Angela Paterson 31:45
And I think what you're saying, David, about the the models, you know, outliers, so, so long as the the models are able to spot the outliers the way that a human would, you know, if you get a bunch of patient data, there's always spurious results that you don't understand. It's okay if it's a clinical trial, because if you're the clinical monitor, you can go pick up the patient records and see what it should have been. You can pick up the actual scans, the results, look at them, figure out what the value should have been, and you can you can correct it and during the study, but when it's retrospective, you're relying on the hospital staff having filled in that information. So when humans are looking at it, you can look and you can say, okay, that value that patient seems a little bit different to what I would anticipate. And sometimes you can investigate, most times you can. So it really depends. If the AI is able to make that distinction between, is this an outlier? Is this not an outlier? And that, again, that comes with the training, doesn't it?
David Vu 32:50
Yeah, I agree.
Edwin Lindsay 32:53
Okay, we're coming close to the end, more just going forward, and just to give kind of startups advice from your experience, what do you think, and what would you tell them for what investors are going to be looking for from a clinical point of view, from clinical trial for your plan, because obviously they look for a return. They look to give you the money up on yourself. The clinical trial is going to be successful. From from your experience, from both of you, what do you see that it kind of gives a selling point to investor. We've heard lots of presentations over the last two days, all about, please show me the money. But how do you convince them to give you the money when you know you've got a massive clinical trial, but you obviously your product may work, may not work, but is there any tips that you can help? It can potentially help invest startups, get show that they are ready for that.
David Vu 33:51
Yeah, you know, I think, aside from the usual things, you know, the product has to work, differentiate all the type of things from a data perspective. And maybe I'll answer, try to answer try to answer your question from an AI perspective, you know, like, I, like, I mentioned before we saw a lot of first generation AI models that were just developed on public domain chest X ray triage. I think was a classic example of that, right? Everyone had a chest X ray algo and then Mammo, I think, you know, pretty close in terms of homogeneity.
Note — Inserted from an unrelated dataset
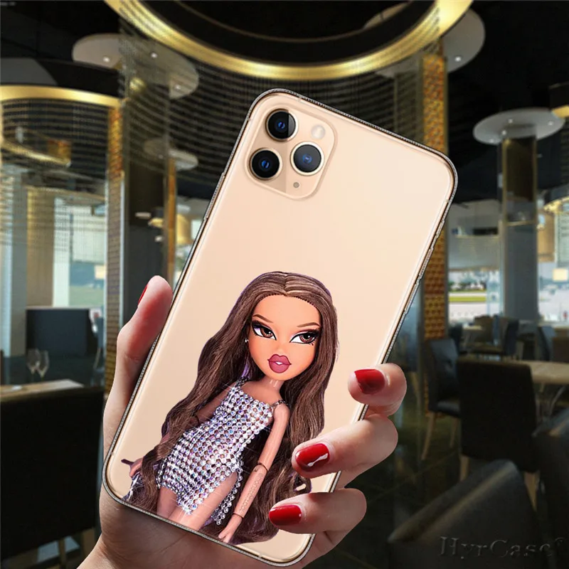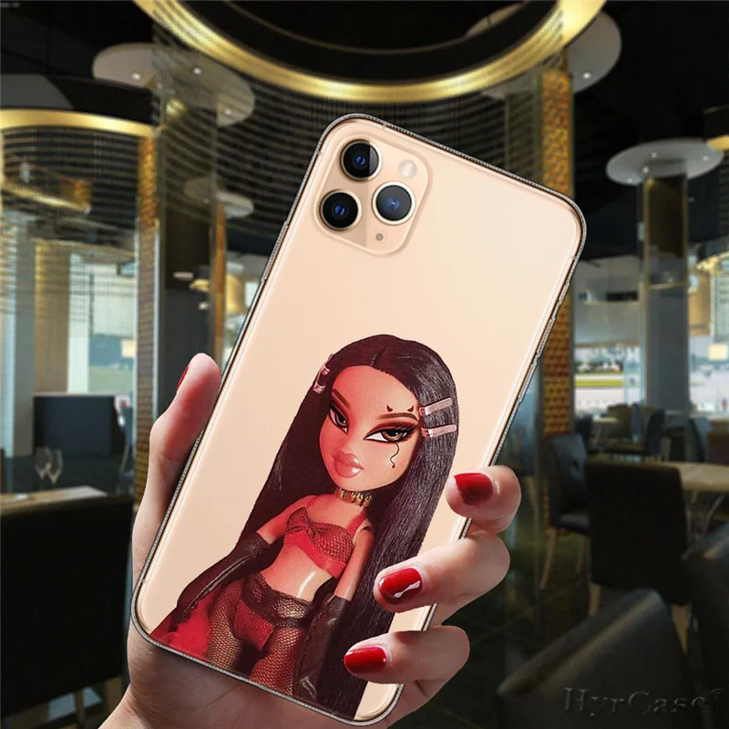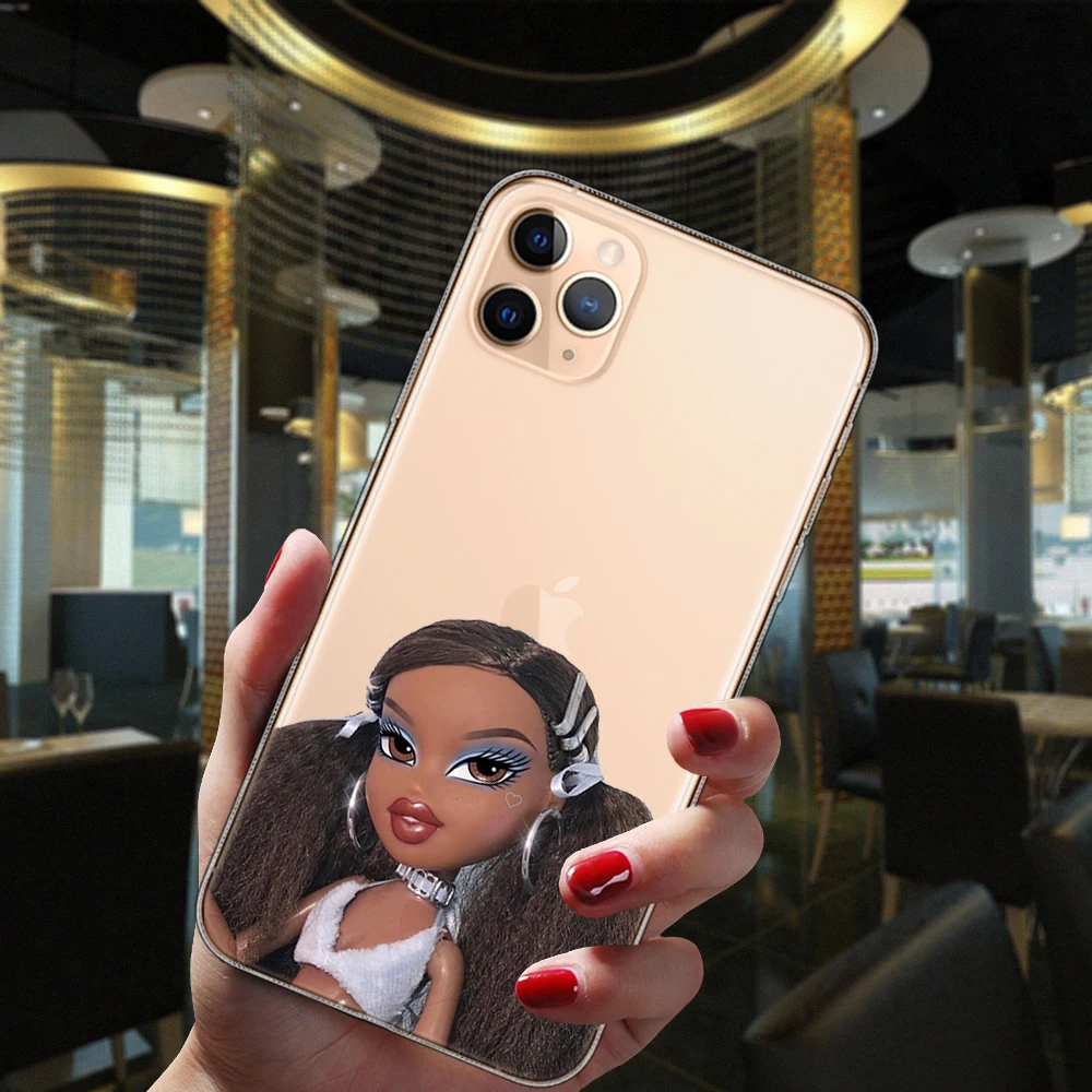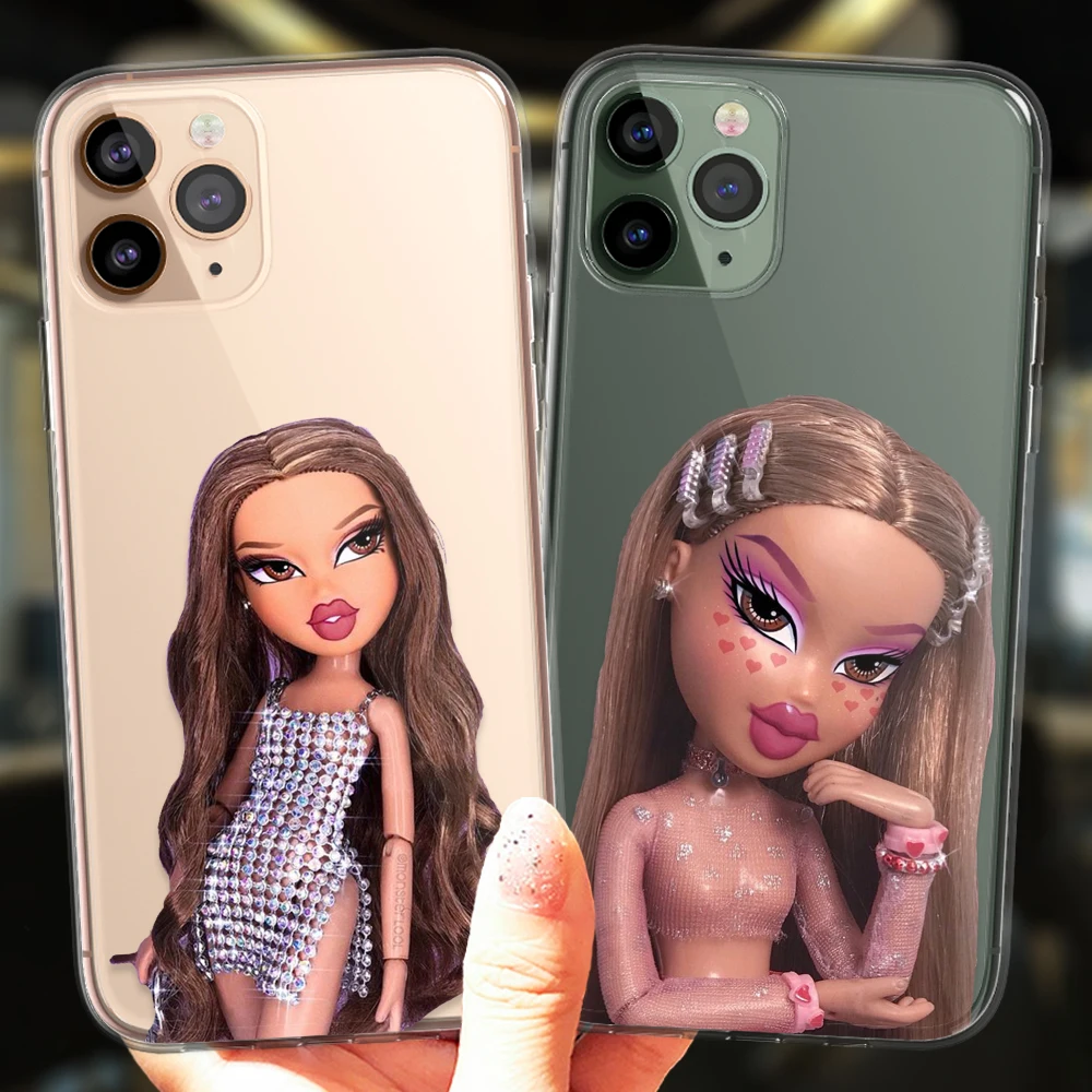 Para iPhone 13 12 11 14 Pro Max Mini 15 Plus 15ProMax funda Popular Linda muñeca Sexy Bratz moda transparente funda de silicona suave
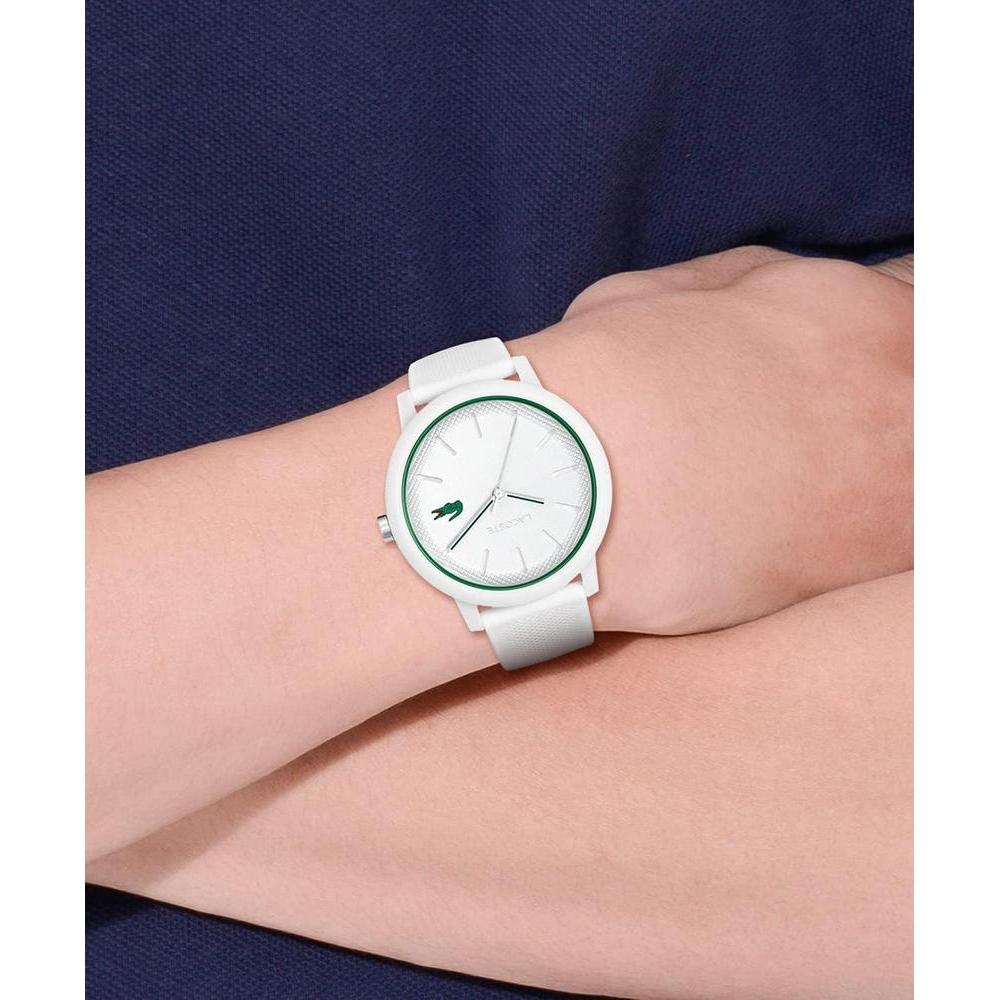 • Materiales de calidad: Lacoste.12.12 para hombre, caja de material compuesto TR90 y de color blanco, esfera blanca con índice y correa de silicona blanca.

So, so I think investors will begin to look at the the training data underlying a model as a potential source of differentiation, in addition to all the usual things, clinical utility, competitive landscape, et cetera. But to me, if I had you know if my model. Is trained on a longitudinal data set that is difficult to you know, substantial, unique, difficult to obtain or reproduce, then I would argue that would be a competitive moat. So I'll give you one example of a of a space I did, I worked with some collaborators in wound care. So this is solutions that, you know, would use a smartphone or some type of optical device take a picture of a wound, diabetic foot ulcer or whatever, and, you know, make some type of assessment, fairly kind of typical use case. We saw a lot of these types of models in in the marketplace, and a lot of them, again, were just trained either on a publicly public domain data or B data. That was obtained in a specific patient encounter and then annotated, you know, by a clinician at that moment in time. Right? What we didn't see a lot of, and what attracted me to a one company I looked at was the fact that they were working with a longitudinal wound care database that was developed over the course of many years by a pi that had specific focus in studying, you know, kind of the evolution of wounds and long term outcomes, right? And then so being able to man map have a data set that matched the the images at a certain point of time, but also to outcomes downstream, made a model that performed better in in the intended use, which was to forecast whether a wound would would would develop into a foot ulcer that had to be amputated, you know, for for, for example. So to me, you know, these are factors that I would argue, or I have observed would influence valuation.
Angela Paterson 37:26
For me, it's all about the clear strategy. So if you're looking for funding for a clinical trial, you need to know what that trial looks like. You need to have done a pre sub q sub with FDA. If you're going to the US, have them look at your study design, even just the study synopsis, how many patients? What follow up are you going to have? What's the demographic of those patients? And have that letter back from FDA say, yes, we agree. Same goes for Japan. I would never dream of doing a clinical trial in Japan without having a consultation with PMDA. Have them look at your study. Tell you what they think. Tell you if you need more patients, tell you if you need a different demographic, if you need maybe even it could be different ages, different weights of patients. It could be, could be anything. Japan's a particularly interesting case because of the very aging population. You see patients being treated in Japan that would be denied treatment in most of Europe. So when coming from Europe or the US, you're perhaps thinking, I'm only going to design my study for patients up to 75 years old. If you go to Japan with that, they'll say, Well, what about our What about our people? Our people are need the surgery when they're 90, and they still get that surgery when they're 90, therefore that's the reason to go talk to PMDA and make sure that you've done that. But having done that research, having that strategy, having those communications with the regulators, that's really what you need to show investors that you are serious, that you actually have done your homework, and that you actually know how much your study will cost, because if, if you've just designed the study by yourself, haven't spoken to anyone, the you haven't validated what you're doing, therefore they're unlikely to fund what you're doing, and
David Vu 39:44
that's why you need they need great advisors.
Angela Paterson 39:47
Yes, absolutely,
Edwin Lindsay 39:49
but I think that's time up. But thank you very much. Thank you.
David Vu 39:54
Thanks for hanging with us.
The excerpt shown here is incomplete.